- EXTRACTED DATA
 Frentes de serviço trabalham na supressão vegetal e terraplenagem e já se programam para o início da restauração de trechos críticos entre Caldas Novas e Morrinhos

* * *

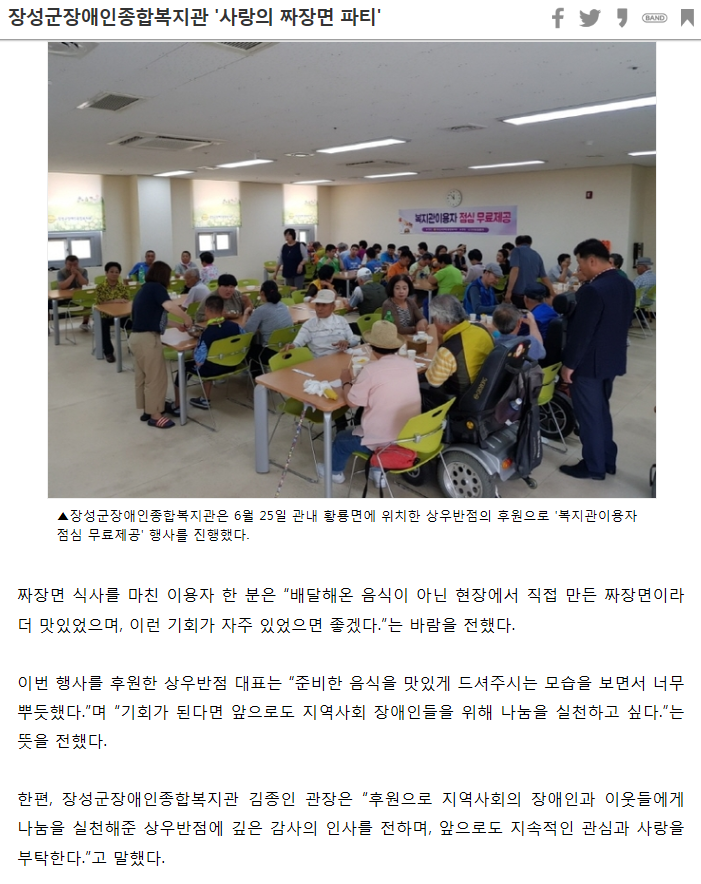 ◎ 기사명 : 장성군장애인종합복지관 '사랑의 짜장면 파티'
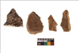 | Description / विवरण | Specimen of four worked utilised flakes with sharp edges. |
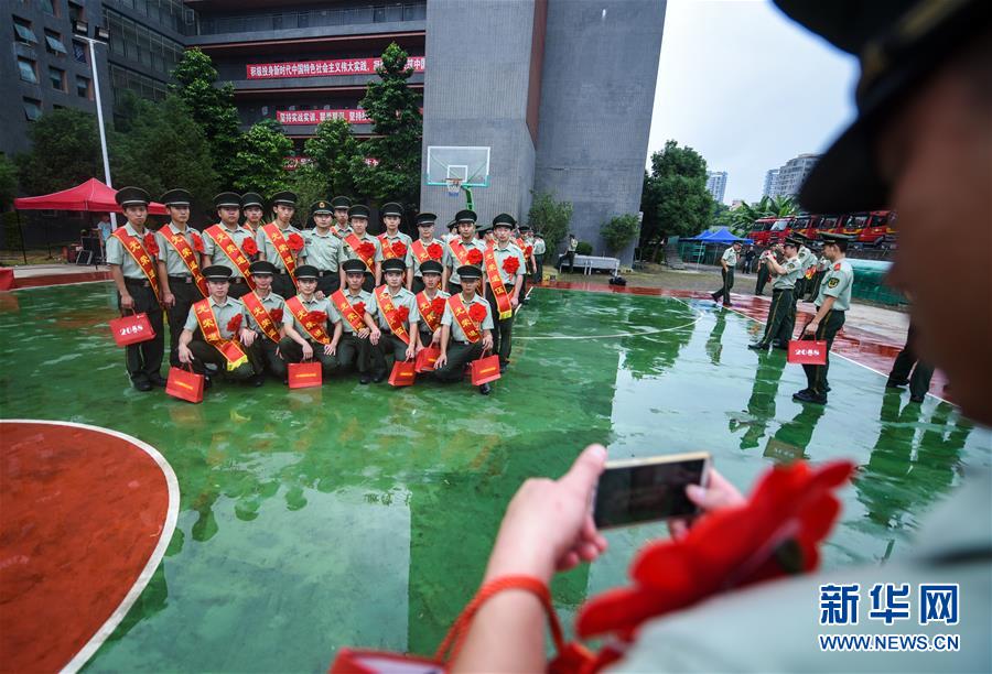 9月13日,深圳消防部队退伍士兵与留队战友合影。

- TASK GOAL
Go to the line above that has "장성군장애인종합복지관 '사랑의 짜장면 파티'" and copy exactly from there down to the line that has "9月13日,深圳消防部队退伍士兵与留队战友合影。", both included. Leave the pictures out.

- WRITTEN SOLUTION
 ◎ 기사명 : 장성군장애인종합복지관 '사랑의 짜장면 파티'
 | Description / विवरण | Specimen of four worked utilised flakes with sharp edges. |
 9月13日,深圳消防部队退伍士兵与留队战友合影。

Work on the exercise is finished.